Pendant des siècles, ces Touareg ont été les transitaires et les convoyeurs des caravanes allant du Soudan au Sahara et alimentant d'esclaves noirs les marchés des États barbaresques. Ce ne sont pas à proprement parler des sauvages, ils ont une civilisation à eux, civilisation qui, bien que retardant de pas mal de siècles sur la nôtre, a cependant ses traditions et même certains côtés séduisants qui ont frappé des hommes comme Barth et Duveyrier. Ces deux savants voyageurs, qui ont réussi à pénétrer dans la vie intime des Touareg, ont pu apprécier les qualités de l'homme privé. D'autres aussi ont été séduits par la courtoisie de quelques individualités, comme cet Ikhnoukhen qui fut jadis notre hôte; enfin, à Ghadamès et au Souf, des négociants arabes ont eu souvent à se louer de la sûreté de leurs relations commerciales avec les Touareg Azgar.

Malheureusement, les choses ont bien changé, depuis une vingtaine d'années. Dans le centre de l'Afrique, la propagande des Snoussia et, en Algérie, les améliorations apportées à l'état social des masses musulmanes, grâce à la destruction continue de la féodalité indigène, ont fait comprendre aux classes dirigeantes des Touareg que la France était un danger pour eux au quadruple point de vue de leur indépendance, de leurs privilèges nobiliaires, de leurs intérêts commerciaux, de leurs tendances panislamiques.

Il nous importe donc peu aujourd'hui que le targui soit bon père et bon époux, que ses relations sociales rappellent parfois «la chevalerie du moyen âge (1) » que la femme targuia, sous les yeux de son mari et en tout bien

(1) Duveyrier, les Touareg du Nord, p. 429. On peut ajouter ce détail recueilli par M. Féraud (Deuxième mission Flatters, p. 179). Les femmes n'ont pas voulu que le massacre (de la mission Flatters) s'accomplit près de leur campement, cela portant malheur aux femmes et aux enfants, et Ahitagel a dù leur donner satisfaction.

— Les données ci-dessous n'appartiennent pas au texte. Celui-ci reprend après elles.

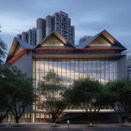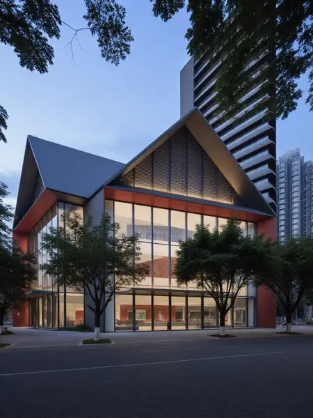 WD,这张照片捕捉了一座现代三角屋顶建筑在黄昏时分的景象,其大面积玻璃窗映照着傍晚的光线。建筑立面由红色和灰色调组成。周围是茂密的绿树,相邻处可见摩天大楼,构成都市背景。场景宁静,柔和的光线与阴影营造出平和的氛围。
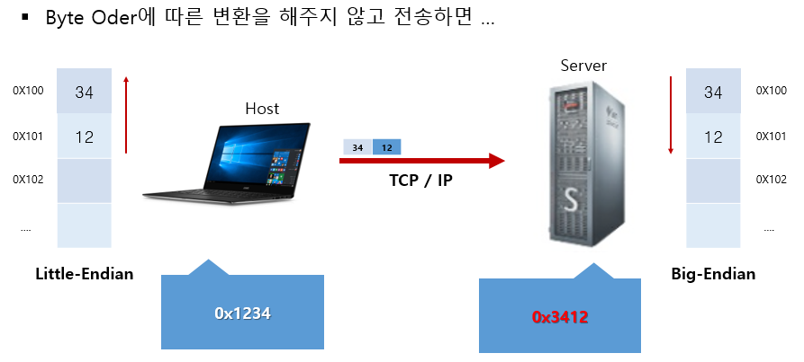 TCP 통신을 하는 과정에서 각 터미널이 서로 다른 엔디안 방식을 사용하면 문제가 발생한다. 위 그림과 같이 클라이언트-서버 구조에서 클라이언트가 리틀 엔디안 방식으로 "0x1234"를 보냈을 때, 서버는 " 0x1234"가 아닌 "0x3412"로 해석하기 때문이다.
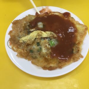 でもせっかくなので何か食べようと、蚵仔煎(オアジェン)牡蠣のオムレツを頂きました。せっかくだからビールもね。
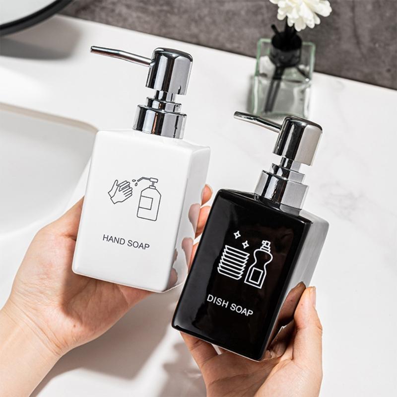 Reusable Press Type Liquid Dispenser Bottle Ceramic NonMetallic Portable Design for Shampoo Soap Lotion Friendly Home Use
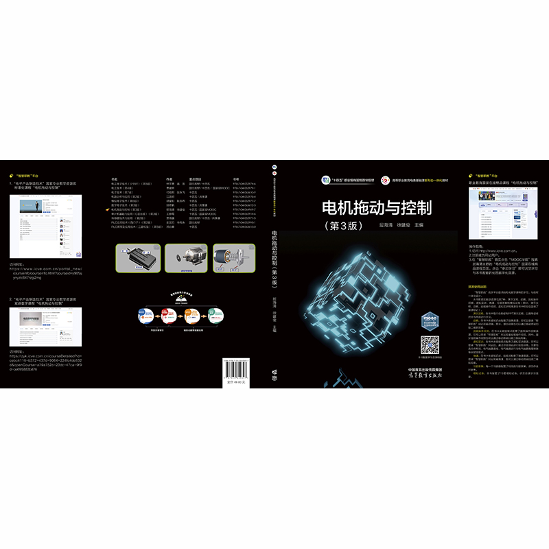 本书是“十四五”职业教育国家规划教材。本书配套课程“电机拖动与控制”为职业教育国家在线精品课程和国家职业教育专业教学资源库标准化课程。本书以工学结合、项目引导、“教学做”一体化为编写原则,涵盖电机与拖动、工厂电气控制设备、电气控制电路的绘制三个方面,分为三相异步电动机及其拖动控制、典型机床电气控制系统分析与设计、变压器及其他类型电机的运行与应用、电气控制线路电气图的绘制四个模块,每个模块都由若干个项目和任务组成。每个项目和任务都由课程编写小组从企业生产实践选题,再设计成教学项目,试做后编入教材,实用性强。 与本书配套的在线课程已在“智慧职教”(www.icve.com.cn)网站上线,读者可登录网站学习丰富的数字化课程教学资源,包括教学课件、微课、动画、虚拟实训等,授课教师可以调用本课程构建符合自身教学特色的SPOC课程,详见“智慧职教”服务指南。同时,学习者可以通过扫描书中的二维码观看微课和动画。教师如需授课用教学课件等文本资源,可登录“高等教育出版社产品信息检索系统”(https://xuanshu.hep.com.cn)免费下载。 本书可作为高等职业专科、本科院校电气类和机电类专业的教材,也可作为相关从业人员的参考用书。 |
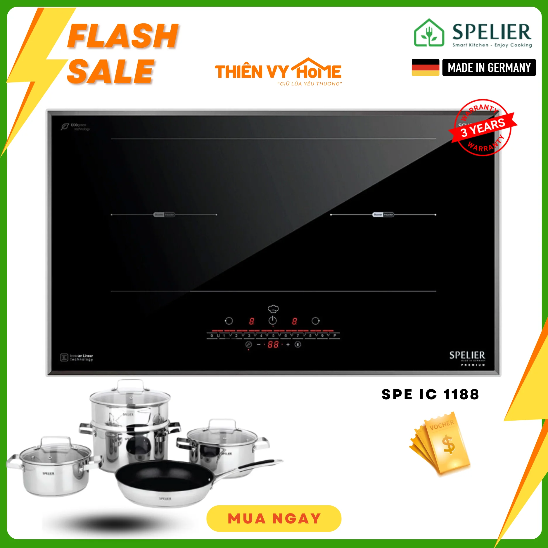 Bếp Từ Đôi Spelier SPE IC 1188 là dòng bếp từ cao cấp được sản xuất nhập khẩu từ CHLB Đức. Bếp sở hữu công nghệ Dual core inverter và nhiều tính năng nổi bật giúp điều chỉnh công suất phù hợp với kích cỡ của nồi, tự động tắt khi quá nhiệt quá áp hoặc khi xoong nồi rời vùng nấu ngăn ngừa các tai nạn bất ngờ. Ngoài ra, bếp còn được trang bị thêm các chức năng tiện ích như: Chống trào, hâm nóng…Giúp bữa ăn gia đình được hoàn thiện một cách nhanh chóng, tiện lợi và an toàn cho người sử dụng.
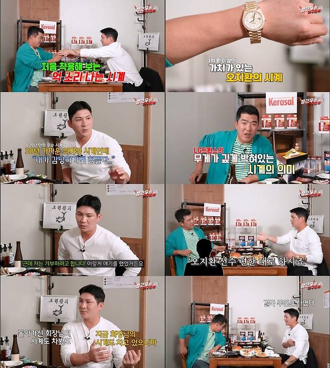 오지환은 지난 25일 공개된 유튜브 채널 '정근우의 야구인생'에 출연해 지난해 MVP 부상으로 받은 롤렉스 시계를 공개했다.
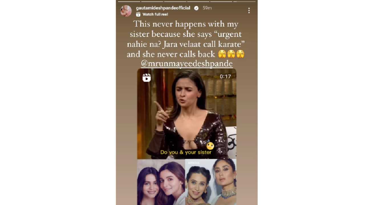 आलियाचा हा व्हीडिओ गौतमीने शेअर केलाय. त्यावर ती म्हणते, माझ्यासोबत असं कधीच होत नाही. कारण माझी बहिण कायम म्हणते की, अर्जंट नाहीये ना? जरा वेळात फोन करते. पण ती कॉल बॅक करतच नाही, असं गौतमीने तिच्या पोस्टमध्ये म्हटलं आहे.

tout honneur, brode sur le voile ou écrive sur le bouclier de son chevalier servant des vers à sa louange. Cette société nous est fermée, nous sommes pour elle « l'ennemi, » et nous n'avons à nous préoccuper que de son organisation sociale et de ses mœurs politiques. - Ces mœurs, on ne les connaît pas assez et on nous saura grẻ de reproduire ici ce que nous disions en 1881 (1).

« Au premier plan une noblesse jalouse de ses privilèges, vivant de son épée, ne croyant qu'à sa force, n'ayant d'autre souci que la liberté; puis, une sorte de tiersétat relativement nombreux représenté par les Amghad inféodés et absolument dévoués à leurs seigneurs; enfin, les esclaves qui, protégés par les maîtres qui les nourissent, ne peuvent songer à sortir de leur situation qui, d'ailleurs, est relativement assez douce. Quelques marabouts nobles ou roturiers existent aussi chez les Touareg, mais leur caractère religieux n'a de valeur que s'il s'appuie sur une puissance réelle. Les Touareg sont, en effet, mauvais musulmans et ne subissent jamais ni l'ascendant, ni les idées de leurs marabouts.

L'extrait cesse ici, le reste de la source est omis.